16.02.2018 Josef Heinrich Reus



Gehölz- und Heckenschnitt

Der Gehölz- und Heckenschnitt, wie er im Sinne des Naturschutzes zu definieren ist, hat nur sehr wenig mit den allseits geläufigen gärtnerischen Maßnahmen zu tun, die eine Formgebung von Gehölzen und Hecken nach ästhetischen Gesichtspunkten und „Normen” zum Ziel haben. Ebenso wenig soll hier der Formschnitt zur Ertragssteigerung an Obstgehölzen im erwerbs- und hobbymäßigen Obstanbau angesprochen sein. Vielmehr ist hier eine wichtige Pflegemaßnahme an Vogelschutzgehölzen gemeint, die erforderlich ist, um die Funktion derartiger Heckenzüge und von Böschungsbewuchs als Refugium für Tierarten, besonders für unsere Vogelwelt als Versteck und als Aufzuchtsort für ihren Nachwuchs zu erhalten.
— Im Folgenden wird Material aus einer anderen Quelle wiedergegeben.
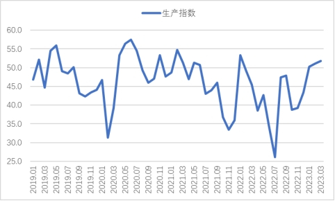 3月份,钢厂生产环境继续改善,需求端持续恢复对钢厂生产有所带动,钢材产量保持上升。生产指数为51.8%,环比上升0.7个百分点,连续5个月环比上升,显示钢厂生产活动持续回暖。据中钢协统计,3月中旬,重点统计钢铁企业粗钢日产225.31万吨,环比增长4.71%。生铁日产196.5万吨,环比增长2.34%,钢材日产213.73万吨,环比增长5.54%。
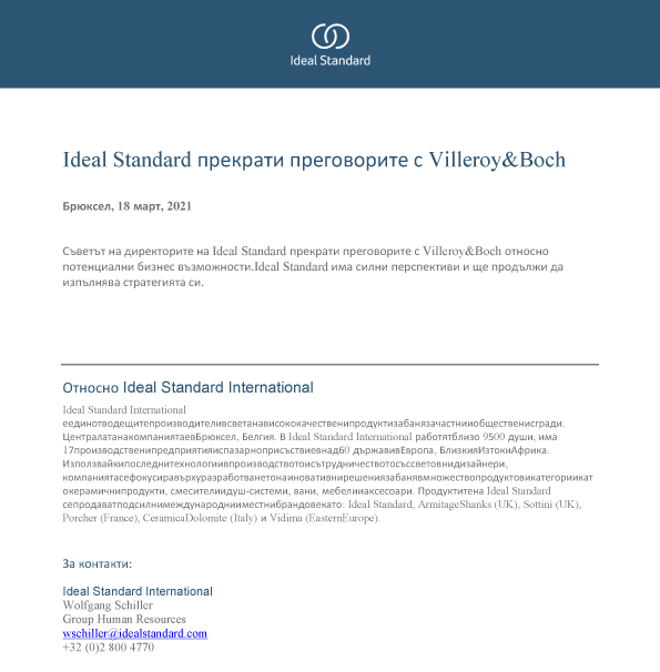 “Съветът на директорите на Ideal Standard прекрати преговорите с Villeroy & Boch относно потенциални бизнес възможности.Ideal Standard има силни перспективи и ще продължи да изпълнява стратегията си”, съобщават от централата на компанията в Брюксел.

Anschaulich wird dies an Hand der verschiedenen Weidenarten und z.B. der Schlehe (Prunus spinosa), auch Schwarzdorn genannt. So anheimelnd und schön der Schwarzdorn im zeitigen Frühjahr in voller Blüte auch aussehen mag, ist er in erster Linie als Landschaftselement zur Befriedigung des menschlichen Bedürfnisses nach Schönheit wertvoll. Im Spätherbst und Winter haben seine Früchte als Nahrungsquelle für einige Vogelarten Bedeutung. Für die Vogelwelt stellt sich eine solche Hecke in ihrer ausgewachsenen stattlichen Schönheit bei der Nistplatz-Suche aber in erster Linie innen verkahlt und hohl dar. Nicht unerwähnt bleiben soll, dass Schwarzdorn-Hecken eine wichtige Funktion bei der Stabilisierung gegen Erosion haben und Schwarzdorn für Vielzahl von Insektenarten oftmals die einzige Futterpflanze darstellt. Festzuhalten bleibt, dass eine Hecke - ganz gleich aus welchen Gehölzen sie besteht - für unsere Vögel immer dann besonders wertvoll ist, wenn sie schon von unten heraus eine starke Verzweigung aufweist.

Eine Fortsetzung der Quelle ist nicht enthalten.